Restate, word for word and with no pictures, the stretch of lines in the data below that begins at the line with "Костюм состоит из" and ends at the line with "شارك محمود تريزيجيه", inclusive.

══ Material provided ══

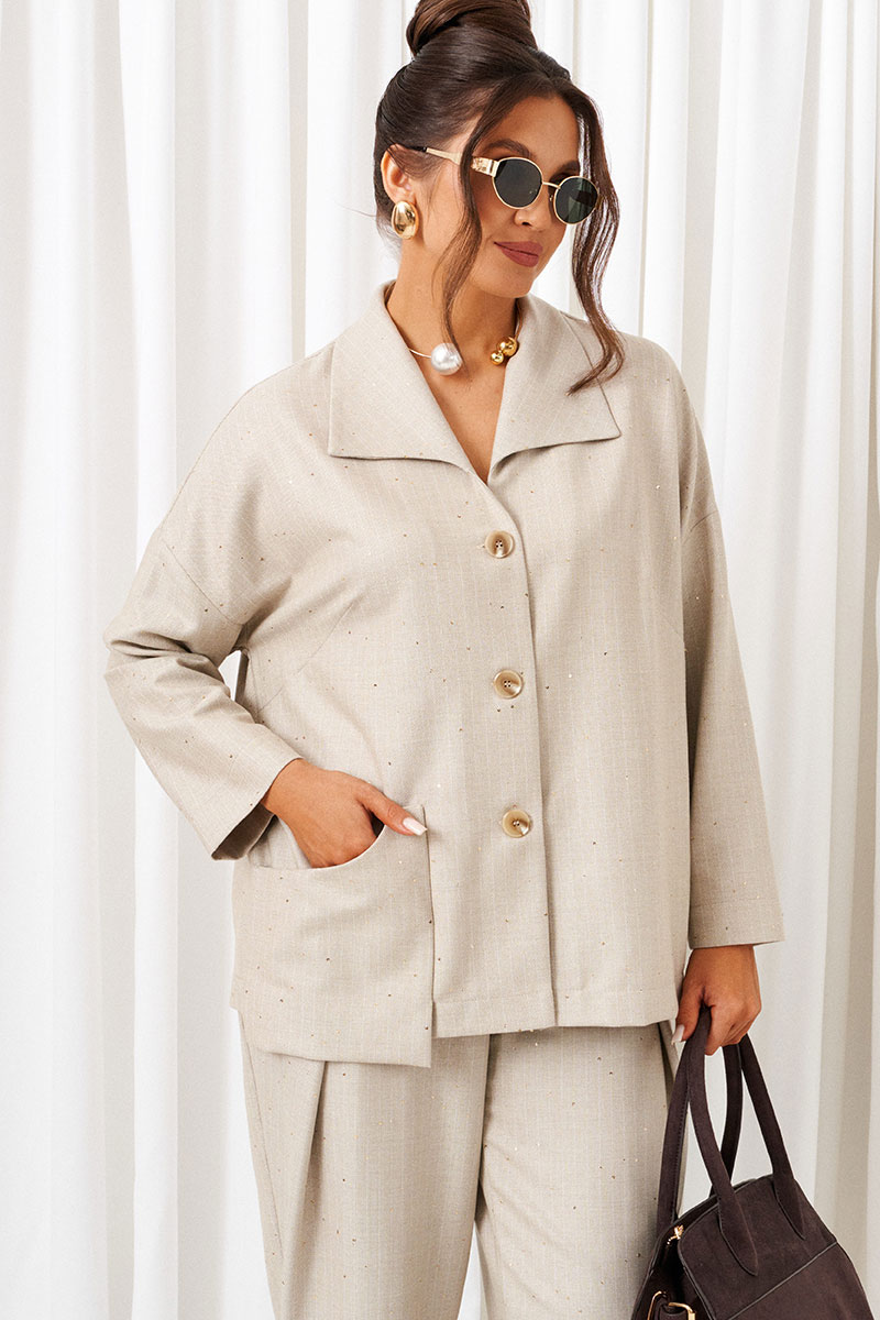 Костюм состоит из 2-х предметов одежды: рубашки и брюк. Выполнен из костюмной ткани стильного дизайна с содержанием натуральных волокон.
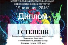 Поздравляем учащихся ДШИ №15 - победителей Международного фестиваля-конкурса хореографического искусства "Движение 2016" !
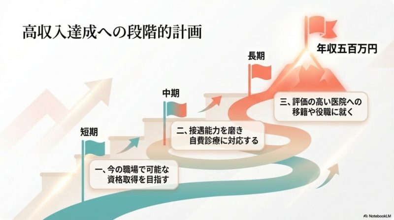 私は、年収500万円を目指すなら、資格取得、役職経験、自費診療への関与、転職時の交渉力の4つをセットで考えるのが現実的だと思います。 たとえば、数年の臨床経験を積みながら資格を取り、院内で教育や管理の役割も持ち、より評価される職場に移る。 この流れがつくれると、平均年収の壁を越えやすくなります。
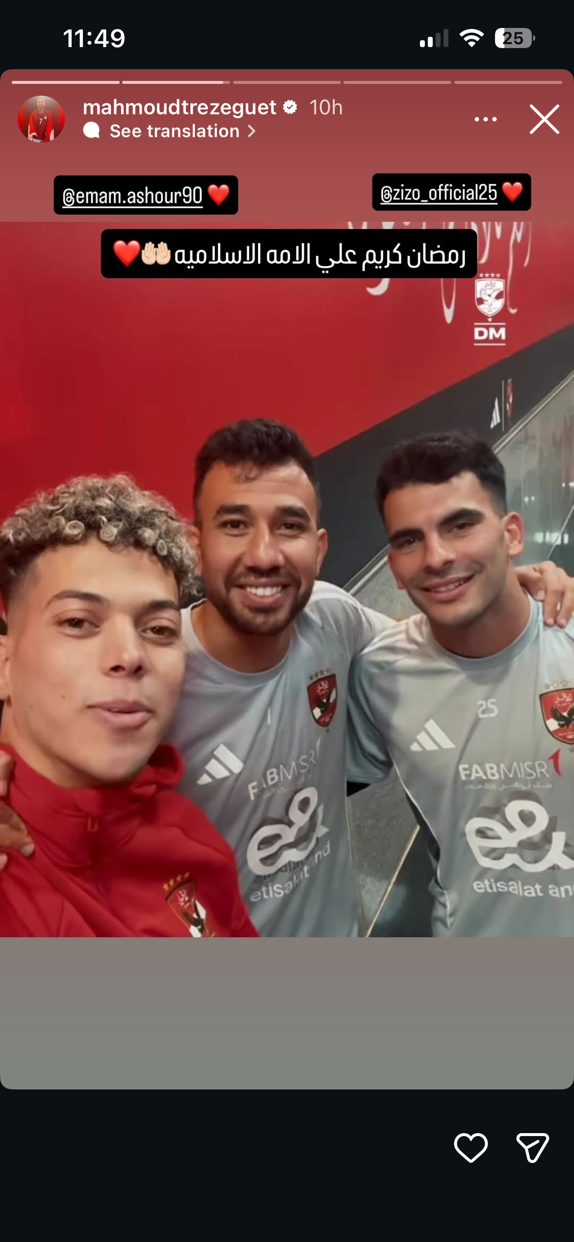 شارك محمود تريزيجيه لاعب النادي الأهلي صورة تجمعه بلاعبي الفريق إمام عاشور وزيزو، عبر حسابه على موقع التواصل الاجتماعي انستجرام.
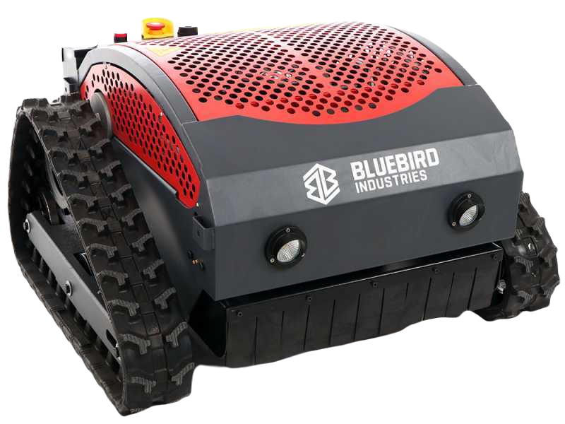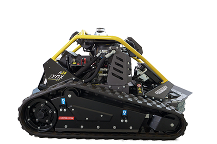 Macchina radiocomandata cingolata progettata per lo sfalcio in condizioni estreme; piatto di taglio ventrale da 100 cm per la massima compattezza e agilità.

═══
══ Material provided ══

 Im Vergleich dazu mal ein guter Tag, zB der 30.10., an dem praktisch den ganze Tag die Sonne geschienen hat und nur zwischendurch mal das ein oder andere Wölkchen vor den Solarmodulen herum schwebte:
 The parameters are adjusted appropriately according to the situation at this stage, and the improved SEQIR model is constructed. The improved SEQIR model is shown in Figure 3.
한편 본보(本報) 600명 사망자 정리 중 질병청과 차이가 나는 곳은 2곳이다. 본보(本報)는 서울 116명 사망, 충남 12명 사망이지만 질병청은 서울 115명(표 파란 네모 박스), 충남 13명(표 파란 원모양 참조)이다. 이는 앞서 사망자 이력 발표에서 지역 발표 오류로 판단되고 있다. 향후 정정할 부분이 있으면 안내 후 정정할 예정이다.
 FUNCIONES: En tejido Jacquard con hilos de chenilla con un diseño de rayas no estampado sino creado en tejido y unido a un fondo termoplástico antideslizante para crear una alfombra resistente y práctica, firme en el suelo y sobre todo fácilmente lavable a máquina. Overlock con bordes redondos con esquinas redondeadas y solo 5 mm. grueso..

═══
══ Material provided ══

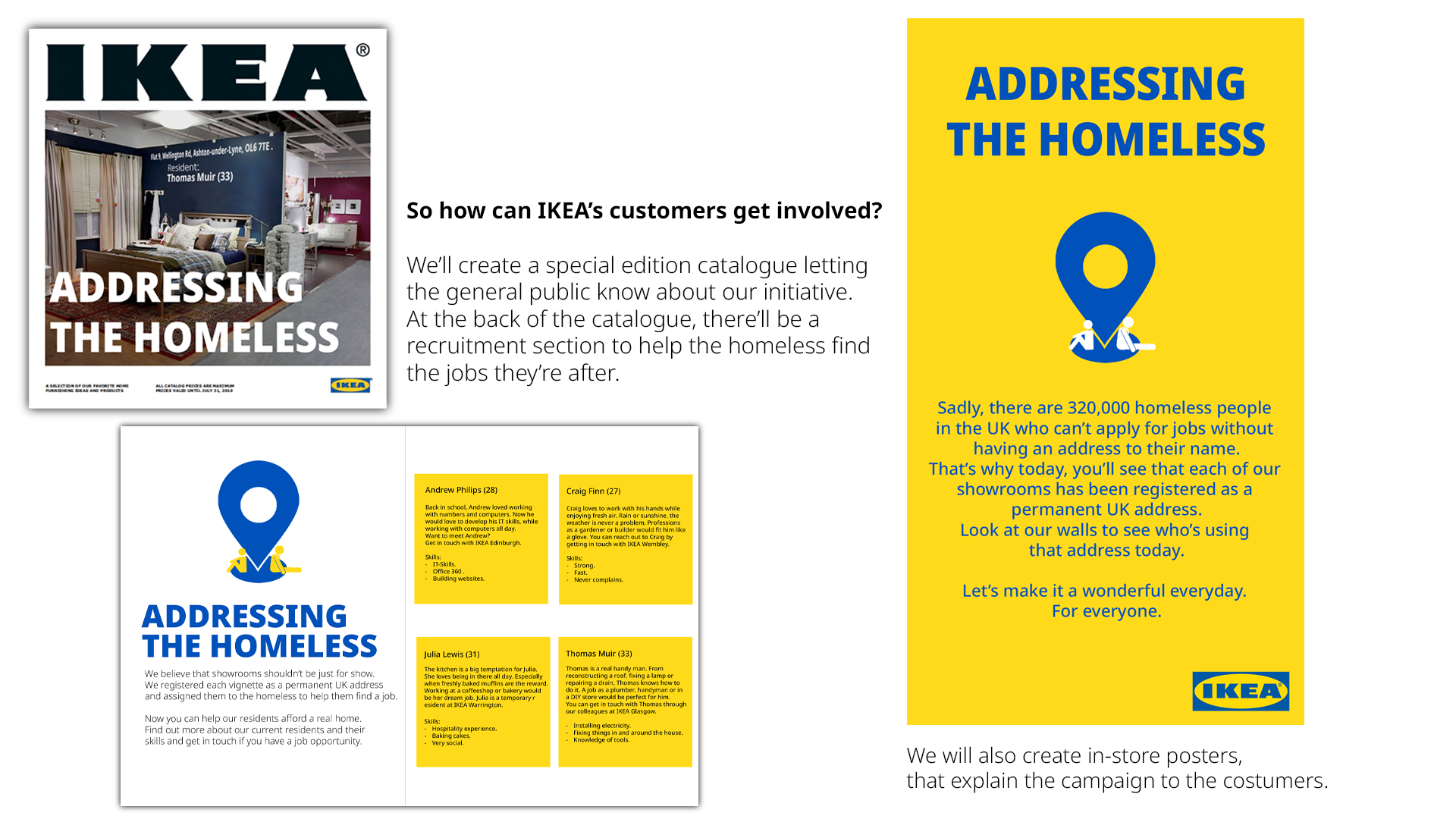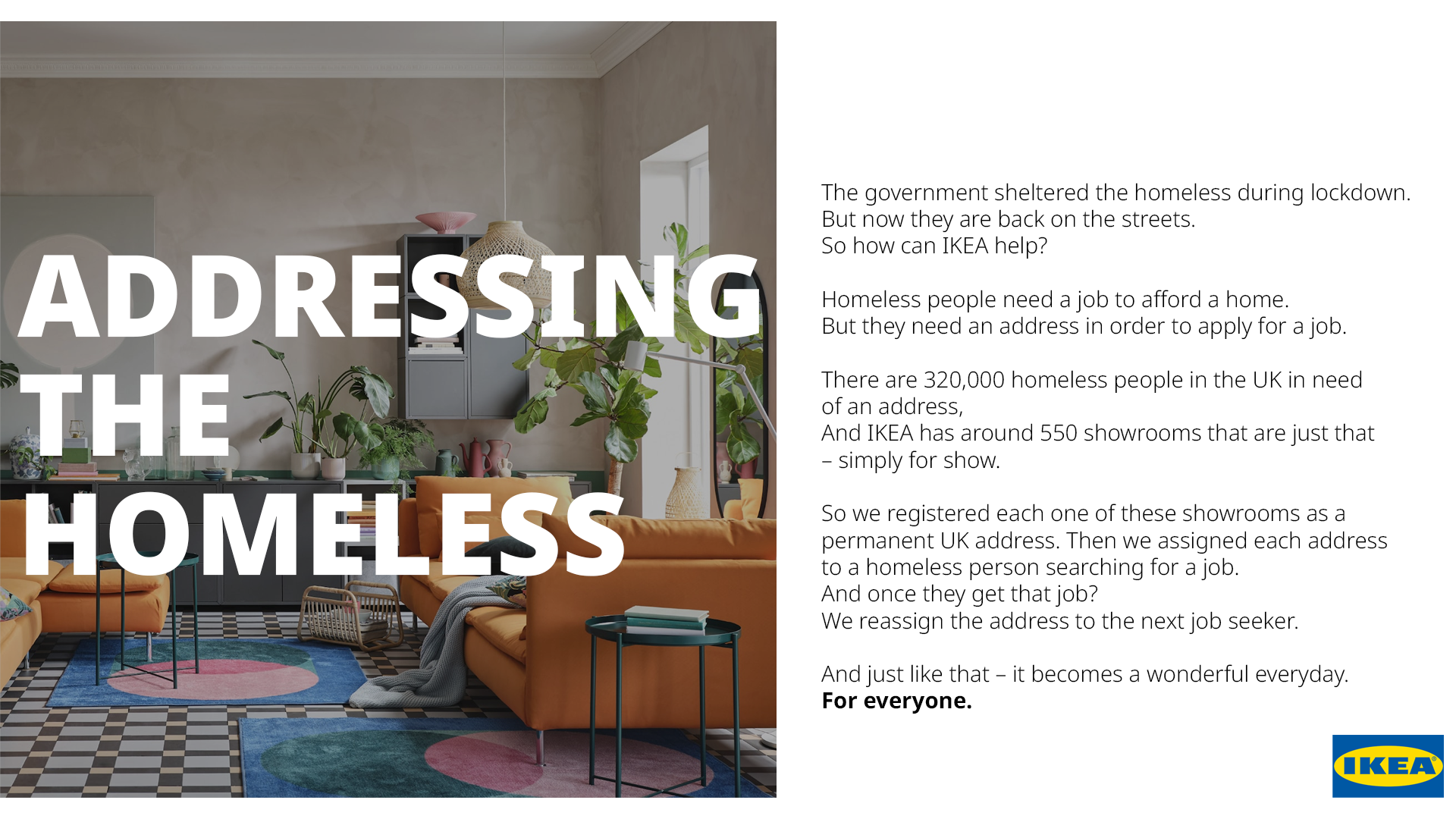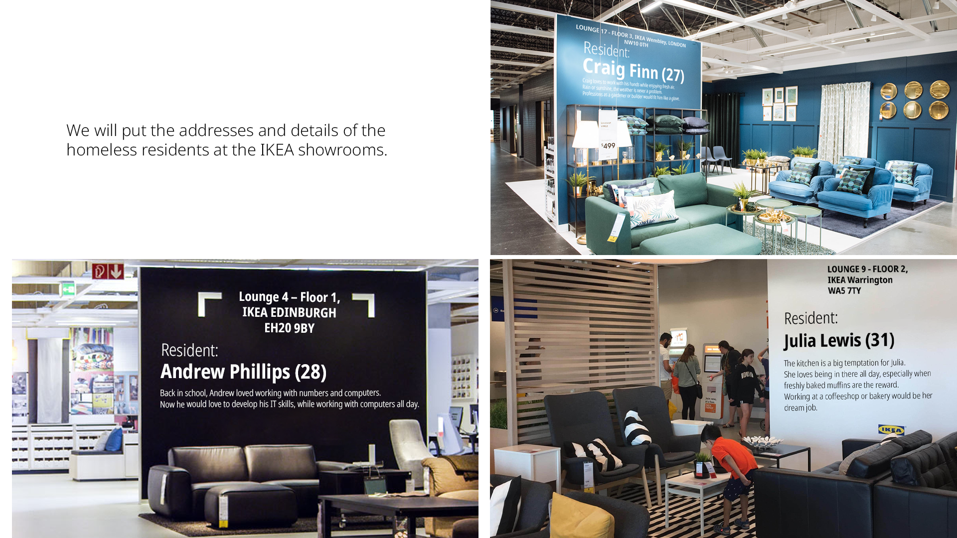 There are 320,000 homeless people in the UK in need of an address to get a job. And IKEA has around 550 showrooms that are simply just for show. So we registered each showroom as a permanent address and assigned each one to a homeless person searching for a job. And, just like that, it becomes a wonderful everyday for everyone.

═══

• _Answer box_:
 Костюм состоит из 2-х предметов одежды: рубашки и брюк. Выполнен из костюмной ткани стильного дизайна с содержанием натуральных волокон.
 Поздравляем учащихся ДШИ №15 - победителей Международного фестиваля-конкурса хореографического искусства "Движение 2016" !
 私は、年収500万円を目指すなら、資格取得、役職経験、自費診療への関与、転職時の交渉力の4つをセットで考えるのが現実的だと思います。 たとえば、数年の臨床経験を積みながら資格を取り、院内で教育や管理の役割も持ち、より評価される職場に移る。 この流れがつくれると、平均年収の壁を越えやすくなります。
 شارك محمود تريزيجيه لاعب النادي الأهلي صورة تجمعه بلاعبي الفريق إمام عاشور وزيزو، عبر حسابه على موقع التواصل الاجتماعي انستجرام.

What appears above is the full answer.